In some studies, the computer system may be used as a data collection tool to evaluate the outcome in the CDSS group. Using the information system to log episodes in the treatment group and using a manual system in the non-CDSS group can create a data completeness bias.19 If the computer logs more episodes than the manual system, it may appear that the CDSS group had more events, which could bias the outcome for or against the CDSS group. To prevent this bias, investigators should collect and measure outcomes similarly in both groups.
USING THE GUIDE
As outlined above, the systematic review and meta-analysis addressing whether a CDSS can improve outcomes in patients with diabetes was judged to be credible1 (see Chapter 22, The Process of a Systematic Review and Meta-analysis, and Chapter 23, Understanding and Applying the Results of a Systematic Review and Meta-analysis). It included 15 trials that involved 35 557 patients with all types and severity levels of diabetes. Most of the trials assessed compared a CDSS to usual care, 10 of the trials used a cluster randomization, and most concealed allocation, but blinding and follow-up varied. Four of the trials occurred before the year 2000, so they may not be generalizable to current information-technology standards. In terms of clinical outcomes, 2 studies examined hospitalization rates and 3 measured quality of life. Process outcomes (checking hemoglobin A1C [HbA1C], blood pressure, or cholesterol) could not be pooled because of heterogeneity. The systematic review authors note an overall lack of high-quality trials in this area in that only 1 trial was judged to be at low risk of bias.1
One of the most recent trials in the systematic review was a cluster randomized trial that compared 4 groups.23 One of the intervention groups in this trial involved patient coaching using mobile CDSS software, Web portal, and telephone access to diabetes educators for patients and primary care clinician decision support that linked the patient-provided data to guidelines.23 The primary outcome was change in HbA1C at 12 months compared with the usual care group. The report provided no documentation about blinding of final outcome collection or assessment. The investigators used mixed-effects modeling to account for within-practice clustering in the analysis. The authors also discuss additional sensitivity analyses to examine the effect of missing data. The intervention package is described in some detail in the text, but screenshots are available only in supplementary files, and algorithms or codes are not provided. In addition, although deploying complex interventions that involve information and communication technology often has significant unforeseen challenges, the authors do not discuss this important issue.

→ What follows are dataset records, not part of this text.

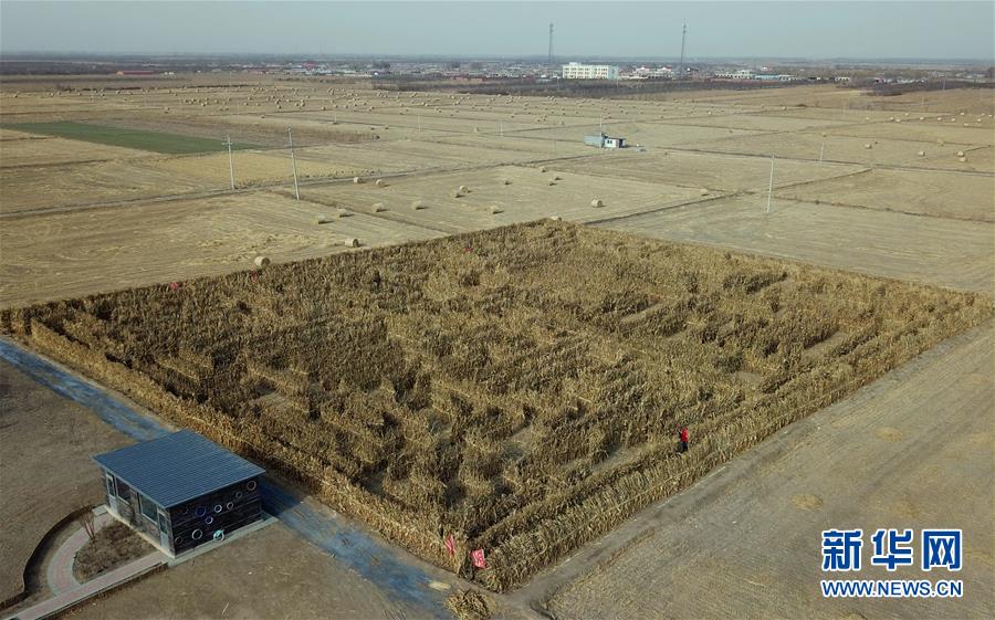 11月28日,游客在昌黎縣劉臺莊鎮(zhèn)白棗林村的玉米秸稈迷宮內(nèi)游玩(無人機拍攝)。 新華社記者楊世堯攝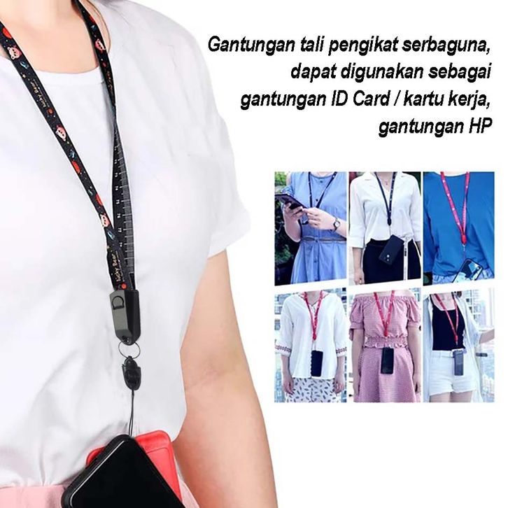 Lanyard Kabel Data Charger + Meteran Gantungan Tali Leher untuk ID Card Kartu Kerja HP Kunci / USB Cable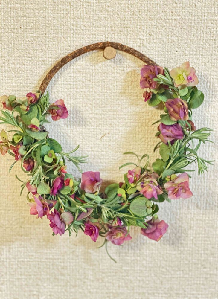 ピンクのお花がとっても可愛いかったので、オレガノとローズマリーでハンドルリース作りました💗💚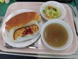 今日の給食は、*チーズパン *スペイン風オムレツ *ブロッコリーのサラダ *コン...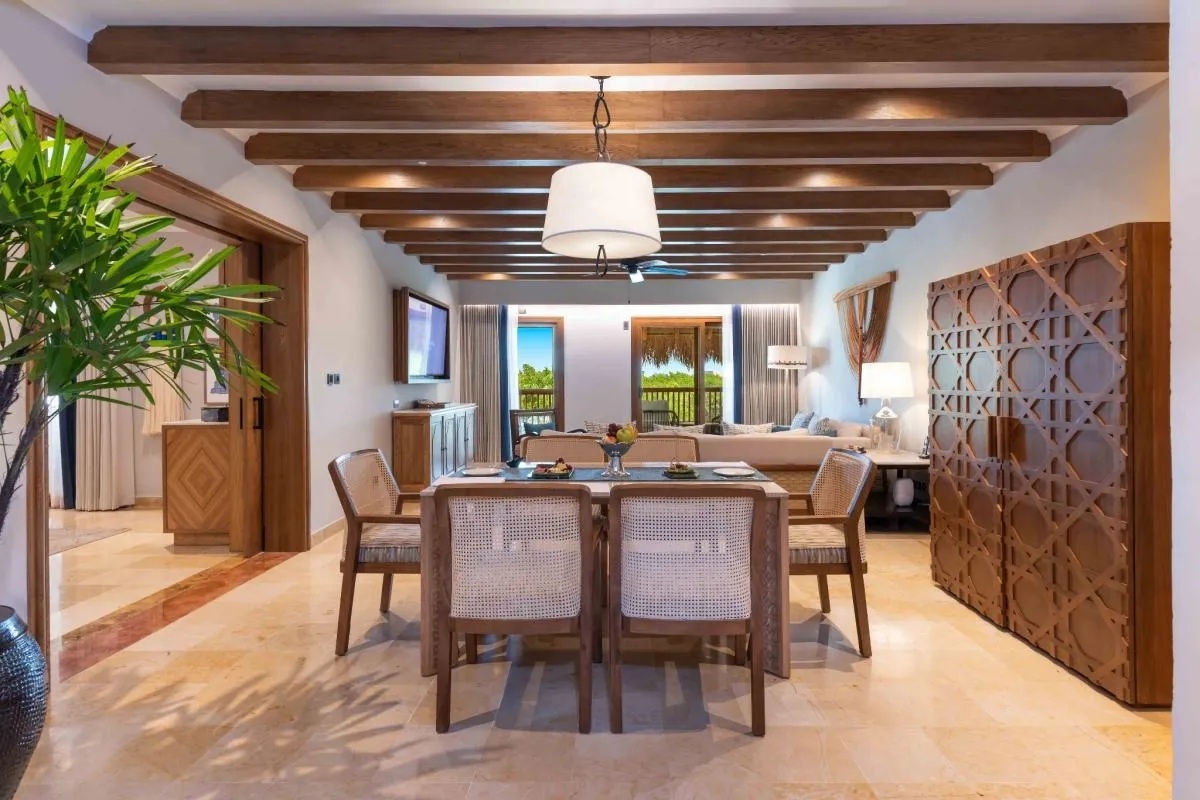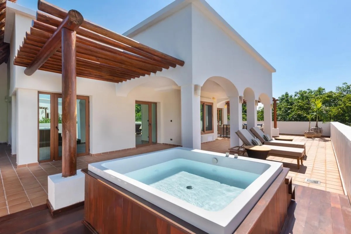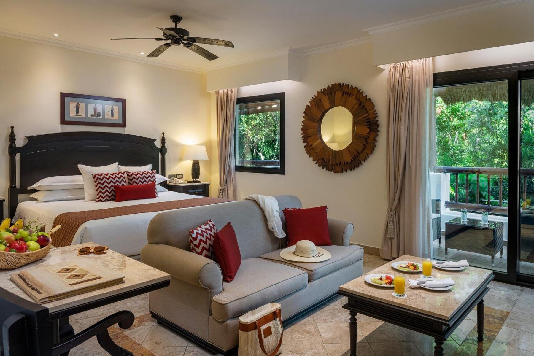 Our spacious colonial style Deluxe Junior Suite of 516 sq ft offers an elegant style with marble wood finishes, hydro tub and a balcony or terrace. The perfect suite if you travel with family or friends.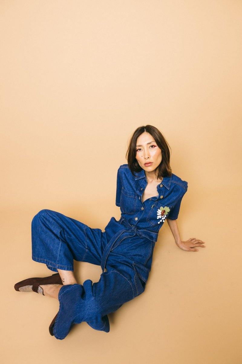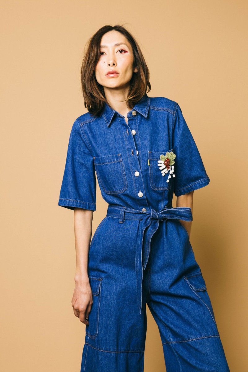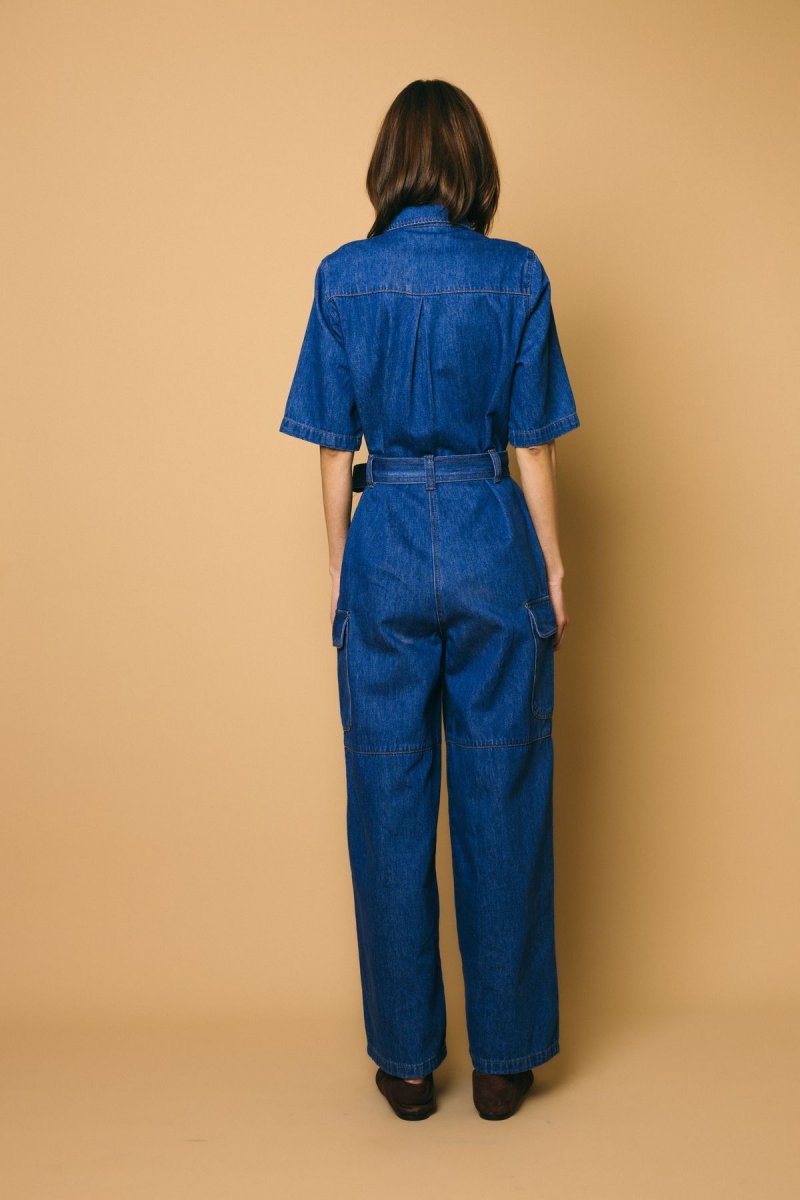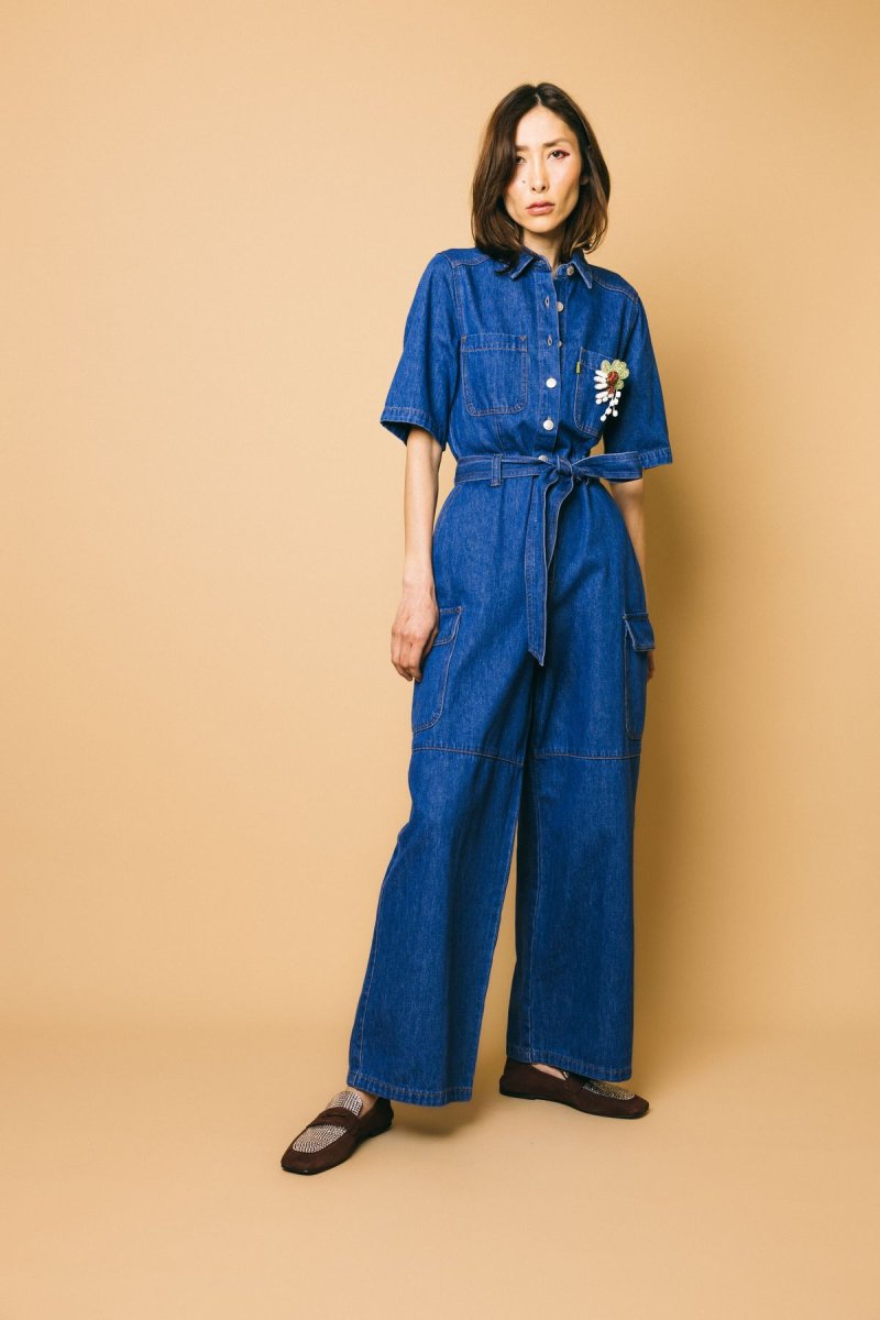 Tuta over in cotone denim con tasconi, cintura da annodare in vita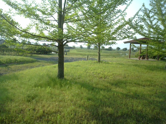朝露を踏みながら久しぶりのこの公園だったが、新緑はまだまだきれい。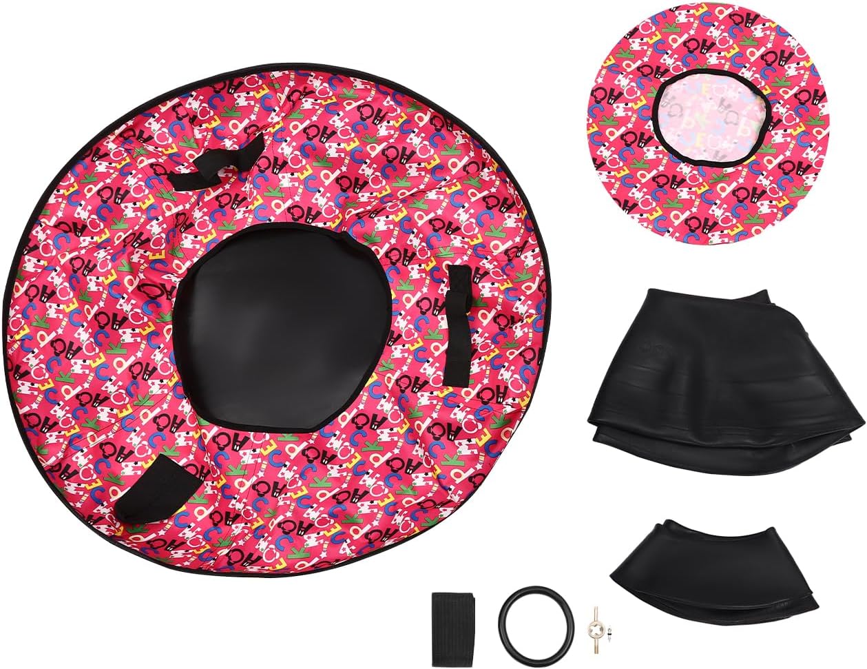 DescriptionHow can winter sports be without skiing? Imagining sliding down a slope and seeing the pure world of white snow. An excellent inflatable sledding tube can bring you the ultimate skiing experience. Our inflatable sledding tube is made of high-quality rubber and Oxford cloth material through the printing process, which is very wear-resistant and durable. Smooth bottom can accelerate skiing speed, allowing you to experience the thrill of speed. Take it with you and enjoy a pleasant skiing time with your child!It is suitable for outdoor skiing, sand sliding, and grass sliding programs. It can be used in playgrounds, snowy mountains, winter mountains and frozen lakes and rivers, training rooms, your backyard, and other places.DetailsCushion: It serves as a good shock absorber for comfortable use.Solid Chassis: The thickened and enlarged chassis increases the force area, which is more stable during skiing and protects children's safety.Pull Loop: It is attached to the pull rope, allowing you to pull your child on flat ground or let them gallop down a gentler slope, which will greatly enhance the bond between child and parent.SpecificationsMaterial: Rubber, Oxford Cloth Color: Black, Red Shape: RoundSport Type: SkiingProcess: PrintingAssembly Required: NoSuitable People: Kids and AdultsLoad-bearing Capacity: 90kg/198.4lbsMinimum Temperature Resistance: -30℃/-22°FGross Weight: 10.8kg/23.81lbsProduct Diameter: 90cm/35.43inPackage Size: 80*80*10cm/31.49*31.49*3.94inPackage Included1*Inflatable Sledding Tube 1*CushionOther AccessoriesNotes1. Please use this product within the load-bearing range. The tow rope is for hand pulling only, do not tow with a vehicle! 2. Please purchase professional helmets, and knee and elbow protectors, and take proper exercise safety measures before use.3. Please do not over-inflate or fill with high-pressure gas. Please do not jump on the inflatable product. 4. Please fold the inflatable product and place it in a flat place away from light when it is not used for a long time. Please do not place the inflatable product next to flames or hot objects. 5. Please avoid excessive friction and touching by sharp objects. 6. Please note that the natural air leakage of the inflatable product is normal.7. Please allow the slight color difference caused by the shooting light and 1-3cm error due to manual measurement, and make sure you do not mind before you order.

Of 71 physician practices identified, 26 enrolled. Within these 26 practices, 2602 patients were eligible, of whom only 213 enrolled, and 163 were included in the analysis: 62 patients in the intervention group and 56 patients in the control group, as discussed above. The investigators mention imputation techniques to deal with the considerable amount of missing data but do not discuss what influence they had on the results. Similarly, despite reminders to have HbA1C measured at the 12-month end point, it is likely that patients in the intervention group, which was more closely monitored, were more likely to have usable HbA1C test results than the usual care group.